Божественная мать ощутила, что её сноха задрожала от ужаса.

В это время стал звучать грохочущий бег воина. Все посмотрели вдоль улицы, в ту сторону, где был дворец императора. Оттуда бежал центурион с поднятой над головой табличкой. Он протянул её матери Нерона.

– Август просил дать устный ответ.

Уже в этой просьбе заключалась некая опасность, потому что Нерон, обладая удивительной памятью, обладал и скудостью ума, и всегда требовал от всех письменных ответов, чтобы потом обсудить их с Сенекой, друзьями или с вольноотпущенниками.

Агриппина прочитала то, что продиктовал Нерону Сенека, и перевела взгляд от таблички на центуриона.

– Да, Августина, – принуждённо улыбаясь, заговорил Сенека, – я вынужден признаться при Октавии, что это правда, что мы с тобой действительно занимались любовью, прячась от Ливиллы и Калигулы.

Она, красивая женщина, холодно посмотрела на лысого крепкого старика с морщинистым лицом, изжёванным многими удовольствиями жизни.

– И напрасно, Сенека, ты вынудил самого себя признаться… Центурион, передай сыну, что я сейчас же еду в Бавлы.

– Так точно, божественная мать. А ты, Сенека, вернись во дворец. Так приказал Август, – громыхнул тяжёлым голосом центурион и побежал по улице на Эсквилин.

– Мама, я тебя прошу останься со мной. Он стал зверем. Он не пощадит тебя!

Но Агриппину смешило то, что её трусливый сын вызывал у людей страх и ужас.

Едва Нерон получил ответ матери, как весь затрясся и сиплым, сдавленным голосом приказал приготовить для него и для его друзей верховых коней, громко жалуясь на внезапную немощность, на необходимость принять морское купание. Его крупное тело била нервная дрожь, руки тряслись, изо рта текла тягучая слюна, а взгляд непрерывно метался из стороны в сторону. Нерон выглядел больным человеком.

Во дворце началась бешеная беготня рабов, слуг, преторианцев. А император уже вскочил на подведённого к нему коня, со всей силы ударил плетью по его крупу и галопом помчался впереди своей огромной свиты.

Внизу Эсквилина мечущийся взгляд императора выхватил в толпе людей носилки с патрицианкой Поппеей. Он узнал её только по повязке на лице. Красавица закрыла царапины, нанесённые ей божественной рукой Нерона. Поппея шла к Нерону во дворец, чтобы обрушить на него свой гнев за то, что он забыл её.

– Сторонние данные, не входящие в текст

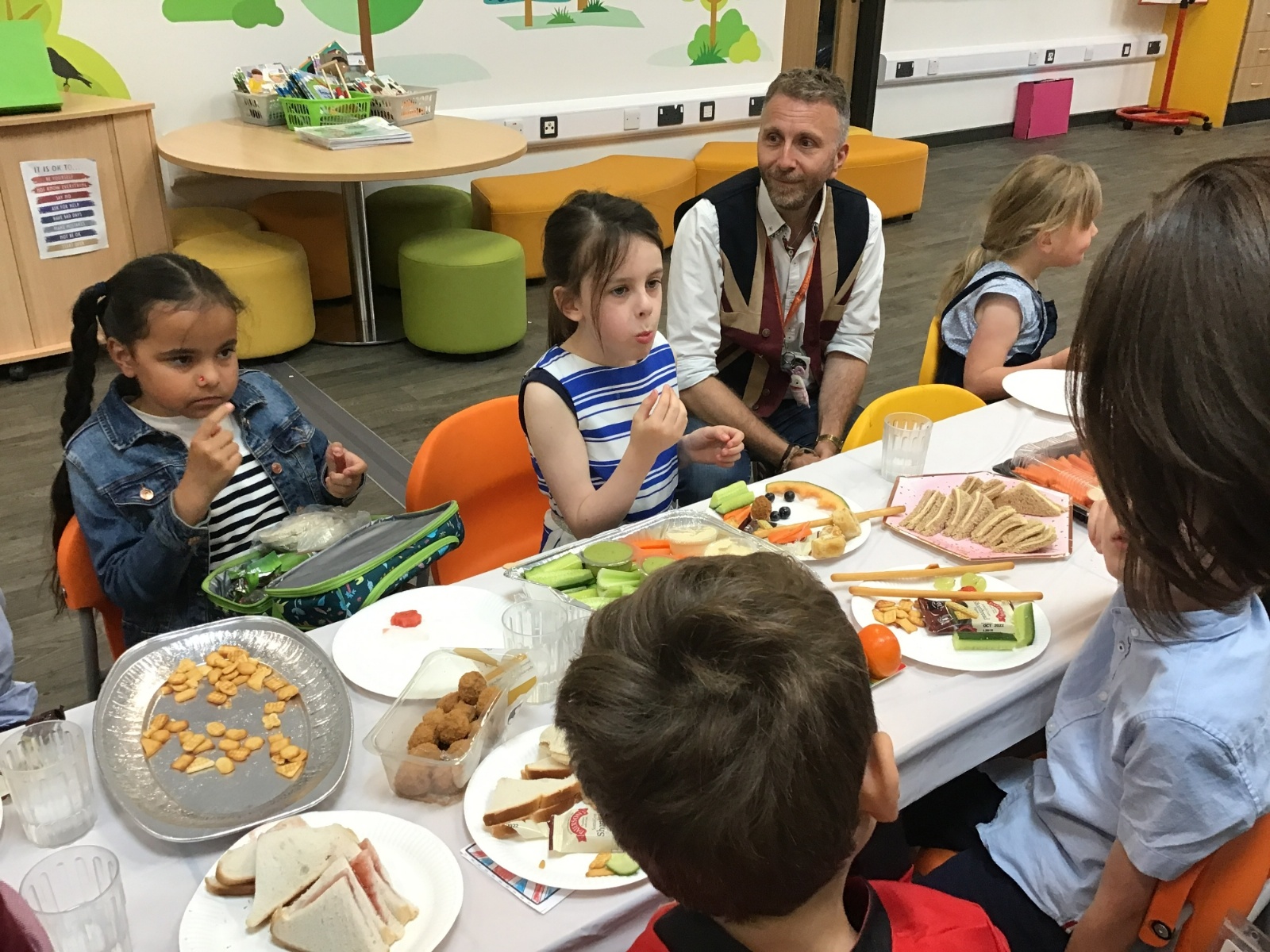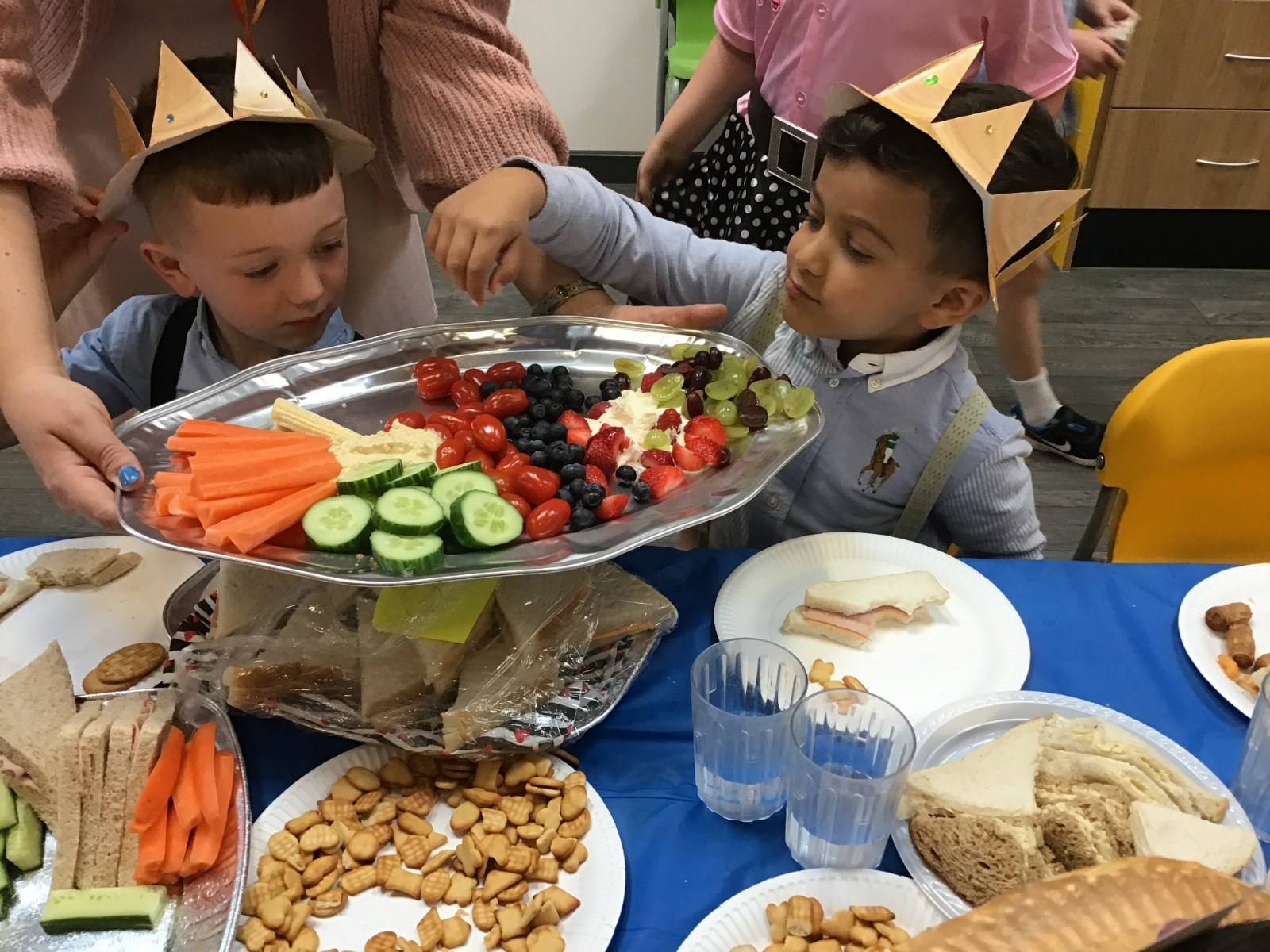 The children shared plates of food that our school families kindly sent in from home. Like a family meal, the children (supported by staff) enjoyed passing plates to those near them, and we all witnessed a lot of sharing and caring for others!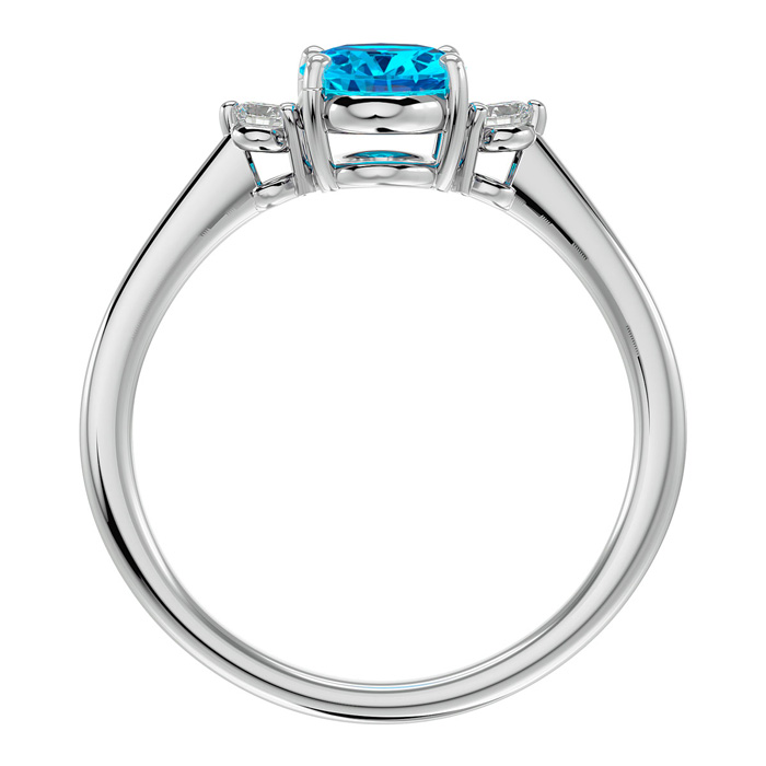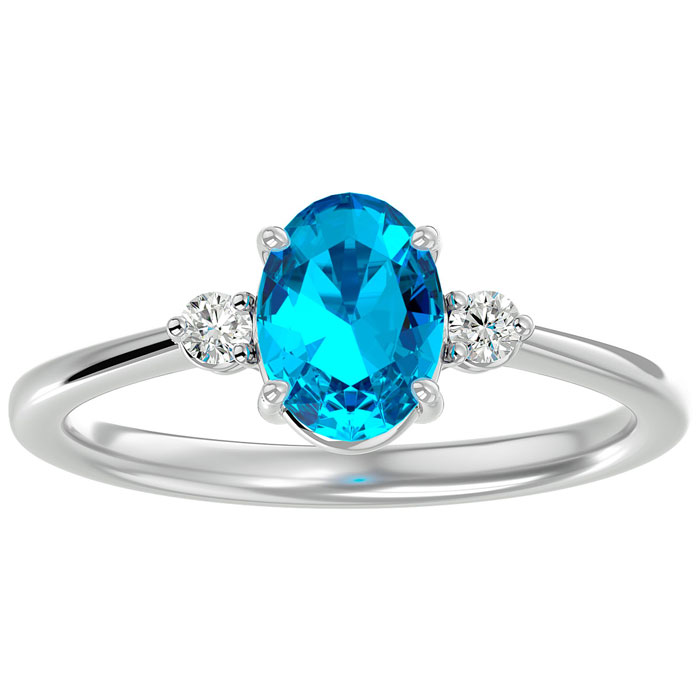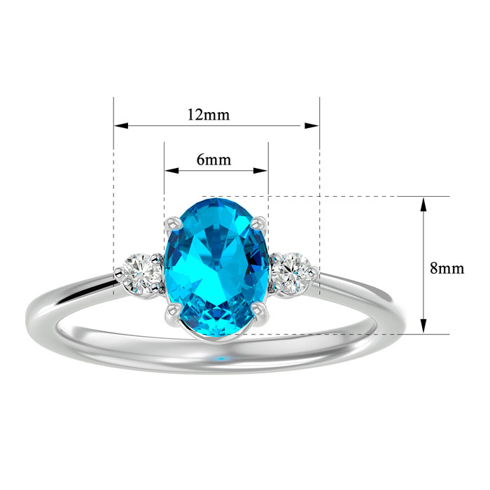 This blue topaz ring features one 8x6mm oval shape blue topaz gemstone. It is surrounded by two sparkling diamonds totaling 1/10 carat in I-J color, I1-I2 clarity. Total carat weight is approximately 1 1/3 carats. This ring is in sterling silver.

– Опять нарушение закона, – проворчал Тегеллин, который ловко скакал на коне рядом с Нероном. – Носилки запрещены.

В голове императора царил хаос, поэтому он, задержав свой безумный взгляд на Поппее, закричал:

– Бу! Ба! Бу! – А хотел он крикнуть: «Не смей нарушать закон! Я его охраняю!»

Нерон был уверен, что он так и крикнул.

– Что он сказал? – удивлённо спросила Поппея своих клиентов.

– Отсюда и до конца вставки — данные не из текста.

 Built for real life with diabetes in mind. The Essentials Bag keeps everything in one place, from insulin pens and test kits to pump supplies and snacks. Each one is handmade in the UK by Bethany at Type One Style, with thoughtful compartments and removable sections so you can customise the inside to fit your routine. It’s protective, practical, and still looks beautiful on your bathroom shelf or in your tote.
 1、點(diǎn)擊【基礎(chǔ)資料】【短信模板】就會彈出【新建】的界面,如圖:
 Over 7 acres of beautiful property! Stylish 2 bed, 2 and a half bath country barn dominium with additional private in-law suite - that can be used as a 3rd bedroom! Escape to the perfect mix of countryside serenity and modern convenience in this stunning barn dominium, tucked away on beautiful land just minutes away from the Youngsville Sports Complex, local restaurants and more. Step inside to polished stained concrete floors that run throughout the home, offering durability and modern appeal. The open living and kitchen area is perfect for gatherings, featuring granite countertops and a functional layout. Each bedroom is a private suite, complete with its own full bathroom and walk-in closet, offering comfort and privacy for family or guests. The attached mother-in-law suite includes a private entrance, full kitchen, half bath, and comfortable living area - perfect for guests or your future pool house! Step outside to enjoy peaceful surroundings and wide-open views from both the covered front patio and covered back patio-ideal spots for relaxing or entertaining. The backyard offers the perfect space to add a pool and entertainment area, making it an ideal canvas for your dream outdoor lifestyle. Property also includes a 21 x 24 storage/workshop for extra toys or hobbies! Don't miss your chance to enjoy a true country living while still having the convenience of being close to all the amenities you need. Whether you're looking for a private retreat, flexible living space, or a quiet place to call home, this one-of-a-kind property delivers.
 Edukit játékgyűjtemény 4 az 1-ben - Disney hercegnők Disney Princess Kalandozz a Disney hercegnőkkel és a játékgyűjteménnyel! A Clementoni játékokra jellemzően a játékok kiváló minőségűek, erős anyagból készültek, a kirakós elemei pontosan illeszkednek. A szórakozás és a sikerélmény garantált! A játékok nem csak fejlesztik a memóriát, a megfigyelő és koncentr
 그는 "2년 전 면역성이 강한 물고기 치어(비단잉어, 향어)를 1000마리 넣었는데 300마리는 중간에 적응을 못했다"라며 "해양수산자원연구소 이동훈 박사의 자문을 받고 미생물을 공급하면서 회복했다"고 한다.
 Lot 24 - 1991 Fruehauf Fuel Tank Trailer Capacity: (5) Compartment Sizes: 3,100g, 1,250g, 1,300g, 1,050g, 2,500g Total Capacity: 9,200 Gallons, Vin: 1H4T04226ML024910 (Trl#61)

– Будет в Бавлах. Будет ждать тебя.

– За ним бегом, – приказала патрицианка рабам.

Всё это было смешно и забавно, но у Сенеки, неуклюже прыгавшего на коне, холод струился в груди и подбирался к сердцу от предчувствия беды для себя.

– Ещё одни носилки, – сказал Тегеллин. – Весь город в носилках. Это вызов закону.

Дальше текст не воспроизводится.